Support from allied militias in Tehran, widely thought to lead the attack, hardly seemed anecdotal. Moments later, a crowd of followers of the Islamic Republic gathered in this same square to celebrate what the authorities consider a "victory". An image that was repeated in many other cities of the country where chants of "Death to America" ​​and "Death to Israel" or "Allahu akbar" were heard in the wee hours of the morning.

"Iran had to do it. Israel had attacked their consulate and this is our territory. It was done in self-defense," explained Xiba, a university professor of languages ​​who was waiting for the bus in the same square decorated with Palestinian flags late yesterday afternoon.

"It's been many years since Israel has lost scientists and soldiers and Iran did nothing," this woman justified. Ramin, a dentist who was having a coffee on the other side of the square, agreed with Xiba and pointed out that this time it had not been an arbitrary attack by Iran, nor an action through the allied militias, but an act of "defense". "Any other country would have done the same. And Iran showed that it had the means to carry it out," he said.

The position of both was in line with the message Iran wanted to send yesterday after the attack. "Iran has created a new equation", assured the top commander of the Guardians of the Revolution, General Hussein Salami, which showed that the "war in the shadows" that Iran and Israel have waged for years now he went on to give himself up openly.

After decades of confrontation, which began with the creation of the Islamic Republic in 1979, Iran responded for the first time directly on Israeli soil.

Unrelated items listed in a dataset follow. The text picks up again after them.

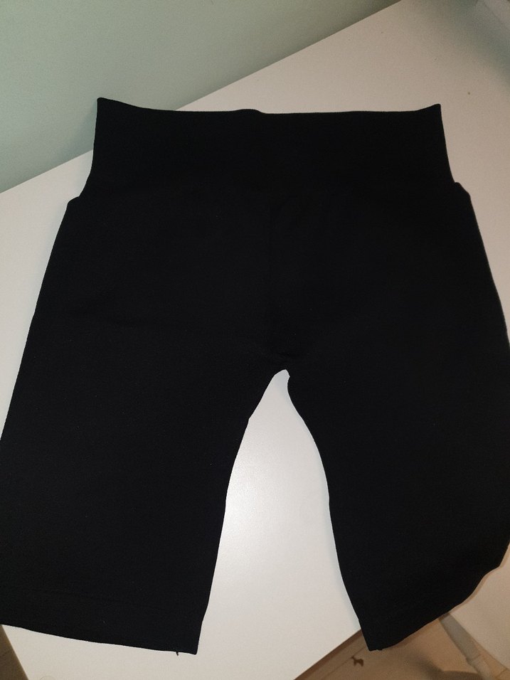 Siyah, esnek bel bantlı, kısa kesim erkek kadin icin sentetik kumaştan, spor ve sokak stiline uygun.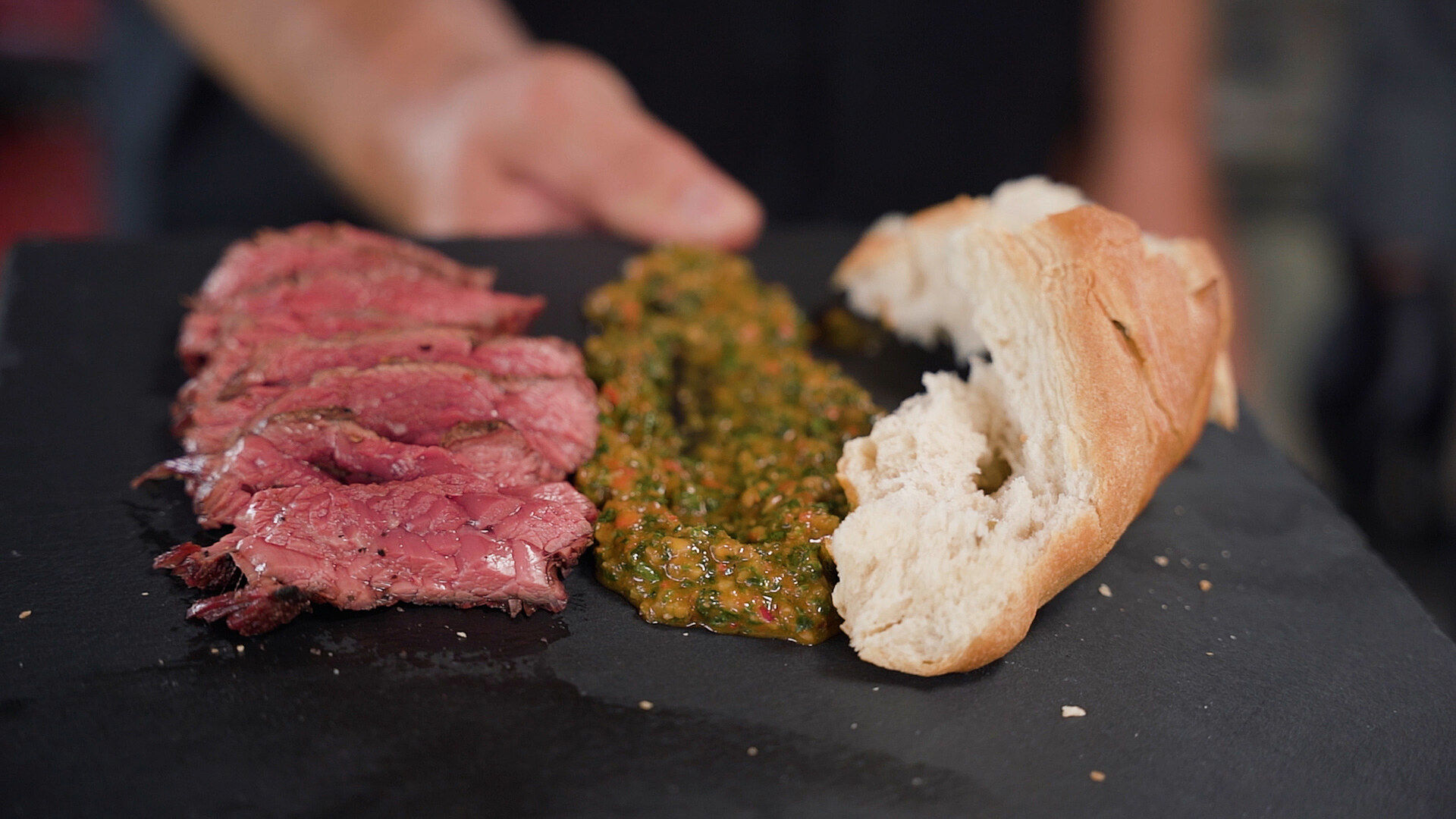 Na klasickou variantu zvolil 30 dnů stařený skirt steak z pupku od Maso Klouda. Jeho kolega Daniele se rozhodl steak marinovat a sáhl po hovězím z mladých býků z Choťovic, jejichž steaky zrají 14 dnů.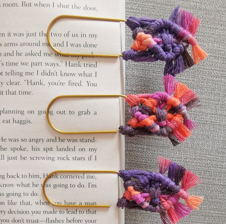 Set of 3 bookmarks on jumbo gold paperclips.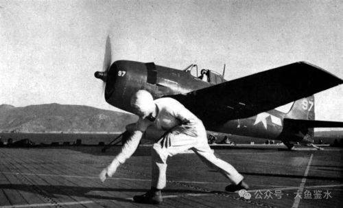 (视频的顺序有点乱,把这3张图提前讲)黄马甲是尾钩观察员,他站在触舰点附近,高举双手示意挂钩成功。如果发生脱钩或者阻拦索被拉断等意外情况,他可以在最近距离内观察到并发出报警手势,左侧LSO平台上的着舰信号官将立即发出复飞信号,飞行员打开加力拉起飞机。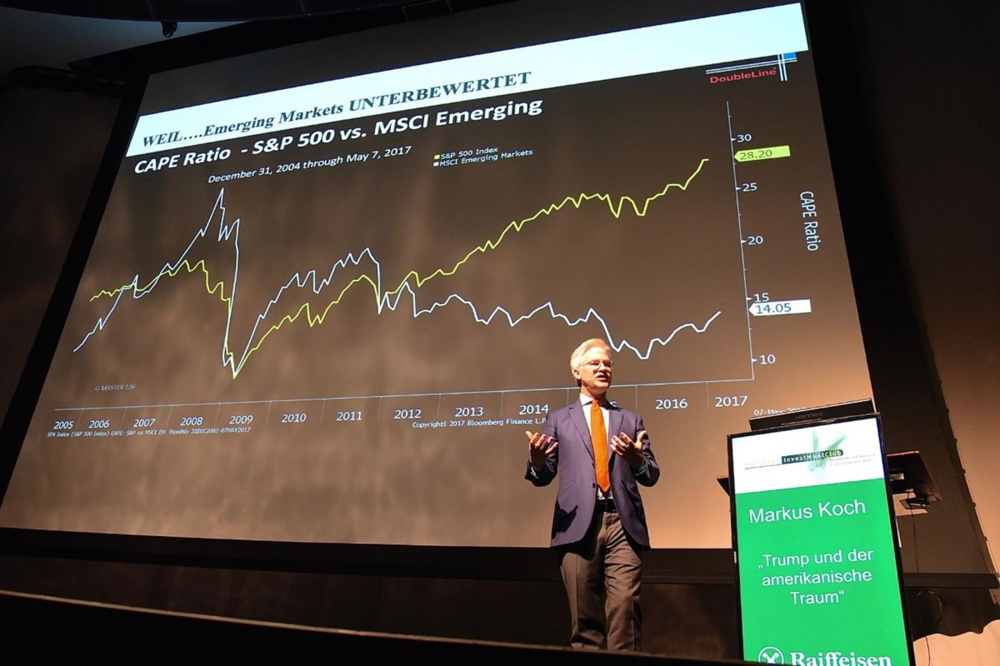 Mit Blick auf den Aktienmarkt bezeichnete Koch die Wallstreet deutlich als zu hoch bewertet, der Aktienmarkt zeige sich besser, als er wirklich ist. "Der US-Aktienmarkt macht heute über 50 Prozent der Weltmarktkapitalisierung aus, aber die US-Wirtschaft stellt nur 24 Prozent der Weltwirtschaft", sagte Koch. Hier herrsche eine große Diskrepanz. Die Chancen für Anleger verlagerten sich zunehmend von den USA nach Europa und in die Wachstumsmärkte Emerging Markets. "Europa hat ein hohes Aufholpotential, mit der Italien-Wahl im nächsten Jahr aber auch schon die nächste Bewährungsprobe vor der Haustüre", meinte Koch.

It left behind the strategy of "strategic patience", which Iran talked about so much for years, and marked the red lines for the future. "From now on, to any attack against Iran's interests, personalities or citizens, we will respond from Iran," Salami said on public television.

Hours later, a photo was made public of Salami in the company of other senior military officials in the command room from where they ordered and followed the attack. Among them was also the supreme head of the Iranian military forces, also the General of the Revolutionary Guards, Muhammad Bagheri, who also used Iranian television to warn Israel of a more serious response if it attacked them again .

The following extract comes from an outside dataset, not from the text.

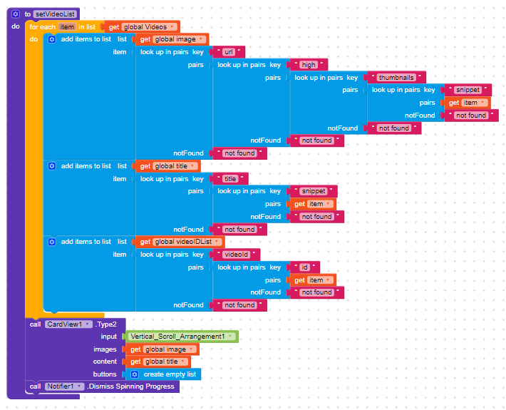 Make 3 List called Images, titles and subtitles and add items into it instead of adding it to the YoutubeList. After it finishes Call the Input Function of the Card View and set the images to the images list title to the titles list and subtitles to the subtitles list.

Bagheri made it clear that Iran was ending its "response", that the objectives had been met, but also announced that Tehran had warned Washington that any support for an Israeli response would represent an attack on its bases in the region. Iran wanted to emphasize in multiple ways that it was far from having used its full response capacity. The country remained on alert yesterday.

Foreign Minister Amir Abdollahian, who intervened before the diplomatic corps accredited to Iran, defined the operation as "limited and minimal". He assured that he had notified the countries of the region of the action 72 hours in advance with a response that he defined as "legitimate defense" and assured, as foreseen from the beginning, that the Iranian action not only it had been announced in time, but it had also been designed after much negotiation so as not to provoke a larger escalation. "Bravo to the Guardians of the Revolution", said President Ebrahim Raisi, who pointed out that they had "taught the Zionist regime a lesson".

But not everyone in Iran thought the same. Amir, a 25-year-old trader who claims that he was a follower of the system for years, said that everything was choreographed to "save face".

"They had to respond in order not to look bad with those who cry 'Death to America' and with those who support them in the region, but look how many missiles reached their destination. How can they say that this is a victory?", assured this young man, who asked not to forget that many of the children of the authorities live in the West. "With this, what they are going to cause is that the dollar will go up, that prices will go up and that our lives will be more miserable", said Amir, who assured that he was not afraid.

It is not the same as Sima, a 22-year-old student. Yesterday, she was afraid of a bigger attack, like many. "My father told me about his experience in the war with Iraq, the fear of missiles. I don't want that, I just want to live quietly and in peace", he said.